BEGIN PROVIDED ENTRIES

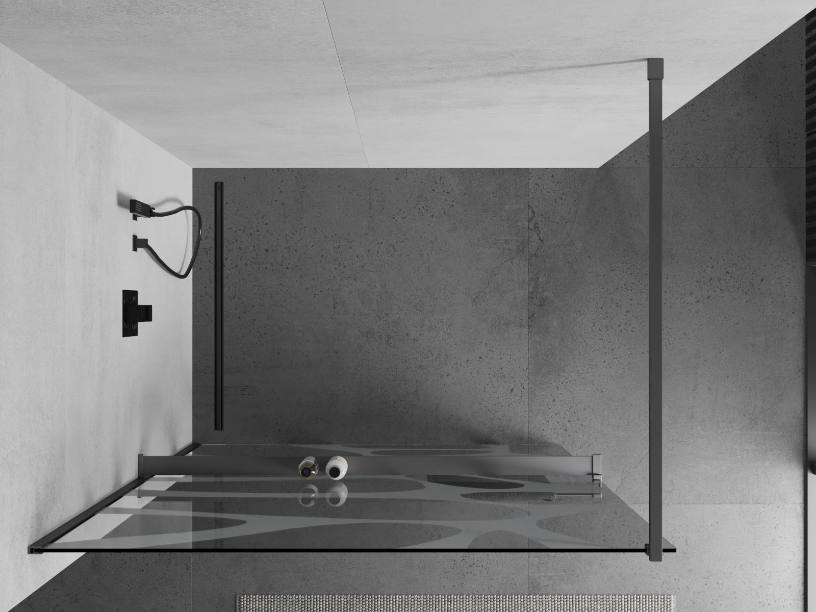 Mexen Kioto+ paroi de douche avec étagère Walk-in 120 x 200 cm, vague blanche, métal gun - 800-120-121-95-97
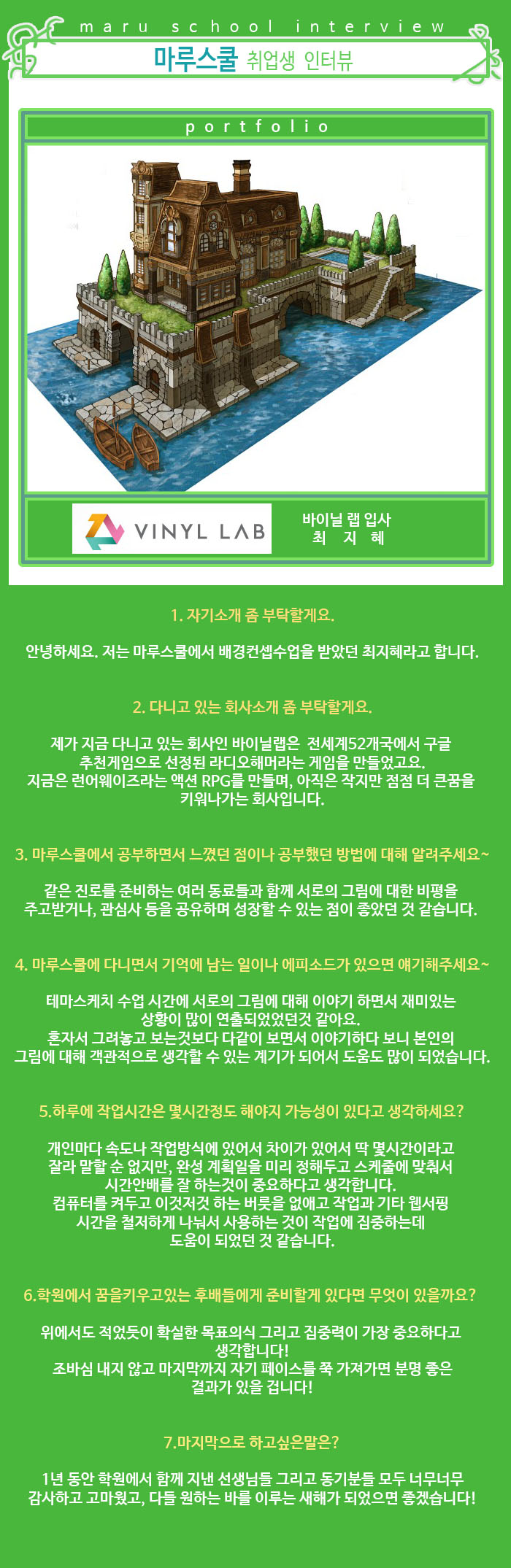 마루게임스쿨에서 취업한 교육생의 인터뷰입니다.
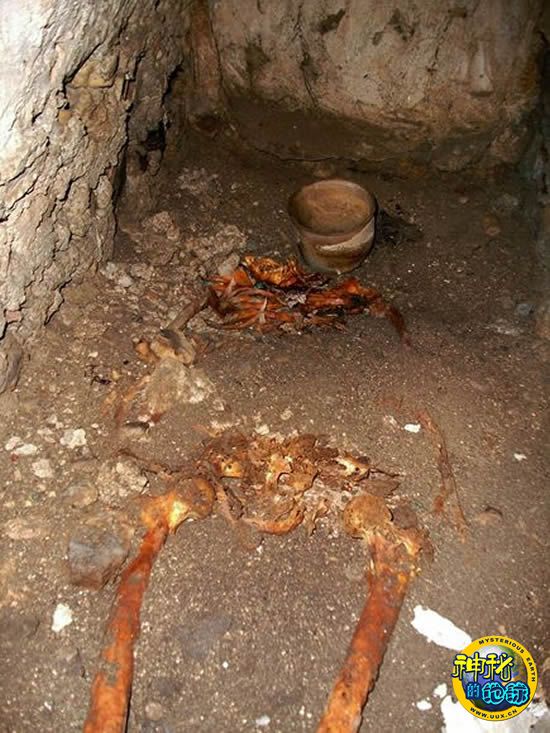 坟墓中的这具无头男尸困扰着考古学家,男尸的头颅去向成为未解之谜。据加拉加介绍,这座坟墓非常简陋,大小只够容纳一具尸体,而且上面仅仅覆盖了一块平滑的白色石膏板。通过对尸体残骸的初步分析,结果表明他应该是一位35到42岁的男子,而且患有某种关节炎,但他的头颅已经不见了。加拉加认为,这位受害者可能是被斩首的。斩首在古代玛雅战争中是非常常见的做法。
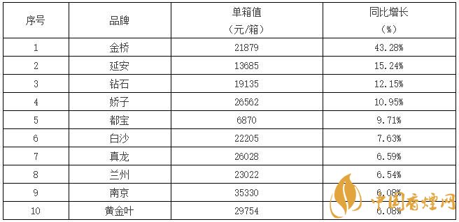 重點卷煙品牌2017年單箱前10排序表
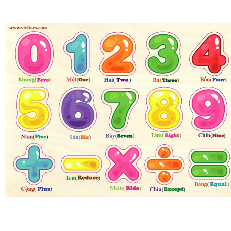 Bảng song ngữ 10 con số có núm gỗ Vivitoys 749 gồm 10 số từ 0 đến 9 và phép tính cơ bản, đươc làm từ chất liệu gỗ an toàn, mỗi số lại có màu sắc khác nhau, qua đó giúp bé nhận diện và biết cách đọc các số cơ bản cũng như nhận diện màu sắc. Sản phẩm là món đồ chơi giáo dục dành cho bé từ 3 tuổi trở lên.
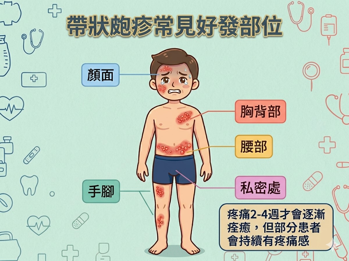 廖忠信主任指出,造成帶狀皰疹的病原是水痘帶狀皰疹病毒,它的成因是患者過去曾感染過水痘,即便痊癒後,該病毒並未完全消失,而是潛伏在神經節內,當人體免疫力下降時,病毒就會再次活化,以帶狀皰疹的形式呈現;帶狀皰疹的分佈非常廣,可能出現在顏面、胸腹部、會陰部、手腳,通常在經過二至四週的疼痛煎熬後,皮膚紅疹水泡才會逐漸痊癒改善,但仍有一部分病患會留下持續的疼痛感,稱為「帶狀皰疹後神經痛」,痛起來時間長短不一,大大影響生活品質。
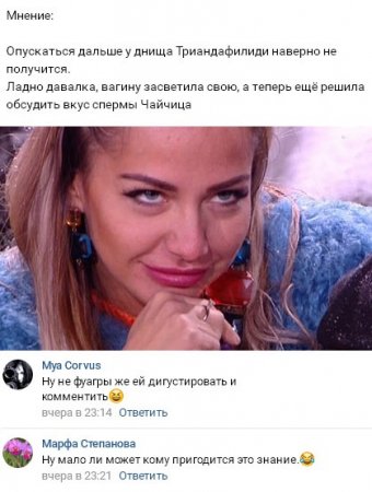 5 января 2018 года поклонники реалити-шоу заметили, насколько низко опустилась Елизавета Триандафилиди, позволившая себе заговорить на тему интимных взаимоотношений. Лиза уже не впервые буквально шокирует фанатов телепрограммы. Многие не скрывают своего возмущения ее абсолютной неразборчивостью в плане физической близости, к тому же сама молодая женщина явно не видит ничего особенного ни в том, что она позволяет себе сексуальные контакты со множеством представителей сильного пола, ни в том, что за всем происходящим посредством телеэкрана наблюдает и ее подрастающая дочка. Смотрите также: дом 2 8 января 2018 вечерний Приверженцев телестройки окончательно вывели из себя разговоры Елизаветы, касающиеся вкуса спермы Алексея Чайчица, тогда как сам молодой человек нисколько не скрывает того факта, что видит в Триандафилиди всего лишь «проектную историю» и вовсе не собирается строить с нею какие-либо длительные и серьезные отношения. Большинство поклонников телепередачи считают, что теперь Лиза, которой уже просто некуда опускаться далее, уже не сумеет восстановить собственную репутацию, и единственным решением всех имеющихся проблем для женщины может стать лишь ее уход за пределы периметра. Свое мнение о том, действительно ли Елизавета Триандафилиди сумела заслужить к себе лишь крайне негативное отношение со стороны телезрителей и коллег по телешоу и ей следует оставить программу, вы можете высказать в комментариях.
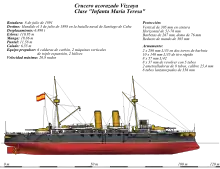 Vizcaya was built at Bilbao, Spain. She was laid down in 1889, launched on 8 July 1891, and completed in 1893.[1] She had two funnels and was fast and well armed. Her main armament was mounted on the center line in single barbettes fore and aft. Her armor was poor: her 11-inch (279 mm) guns had only lightly armored hoods, her 5.5-inch (140 mm) guns were mounted in the open on the upper deck, her armor belt was thin and protected only two-thirds of her length, and she had a high, unprotected freeboard that took much damage during the Battle of Santiago de Cuba. Like other nineteenth-century warships, she was heavily furnished and decorated with wood, which the Spanish failed to remove prior to combat and which would feed fires during the battle.[2]
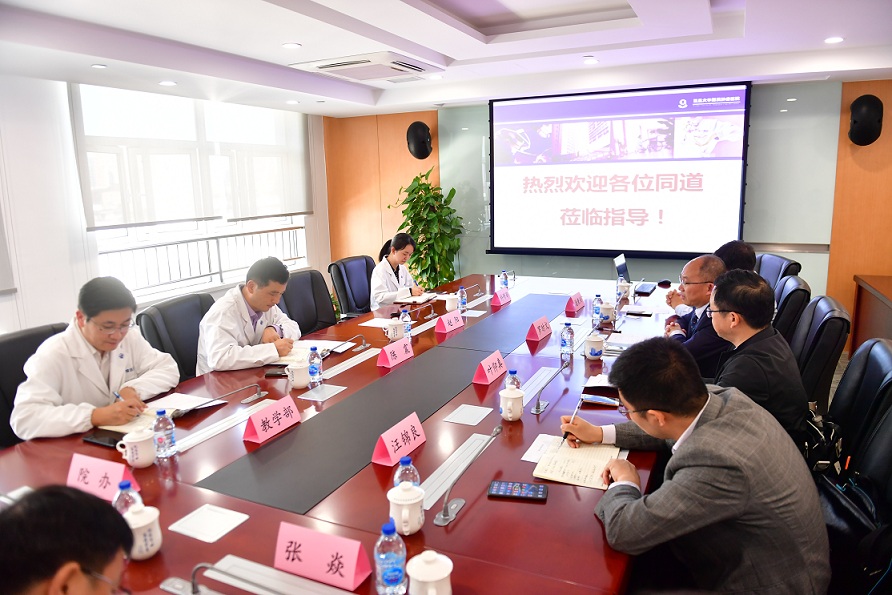 陈震副院长代表医院对南昌大学医学部同行的来访表示热烈欢迎,并介绍了医院总体情况、科研管理,多学科综合治疗以及学科建设等方面的内容。介绍结束后,双方就基础科学研究、临床诊疗技术、科研管理、学科建设、人才培养、 等进行了交流沟通。最后,代表团还参观了我院组织库和肿瘤研究所。
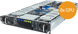 Supports up to 8x double slot GPU cards, 2x 10Gb/s BASE-T LAN ports, 8x 2.5" hot-swappable HDD/SSD bays, redundant power option

END PROVIDED ENTRIES

▶ ASSIGNED TASK:
Here the lines from the one with "Vizcaya was built" through the last line of the data above need to be repeated exactly, both included, and any picture omitted.

▶ SOLUTION:
 Vizcaya was built at Bilbao, Spain. She was laid down in 1889, launched on 8 July 1891, and completed in 1893.[1] She had two funnels and was fast and well armed. Her main armament was mounted on the center line in single barbettes fore and aft. Her armor was poor: her 11-inch (279 mm) guns had only lightly armored hoods, her 5.5-inch (140 mm) guns were mounted in the open on the upper deck, her armor belt was thin and protected only two-thirds of her length, and she had a high, unprotected freeboard that took much damage during the Battle of Santiago de Cuba. Like other nineteenth-century warships, she was heavily furnished and decorated with wood, which the Spanish failed to remove prior to combat and which would feed fires during the battle.[2]
 陈震副院长代表医院对南昌大学医学部同行的来访表示热烈欢迎,并介绍了医院总体情况、科研管理,多学科综合治疗以及学科建设等方面的内容。介绍结束后,双方就基础科学研究、临床诊疗技术、科研管理、学科建设、人才培养、 等进行了交流沟通。最后,代表团还参观了我院组织库和肿瘤研究所。
 Supports up to 8x double slot GPU cards, 2x 10Gb/s BASE-T LAN ports, 8x 2.5" hot-swappable HDD/SSD bays, redundant power option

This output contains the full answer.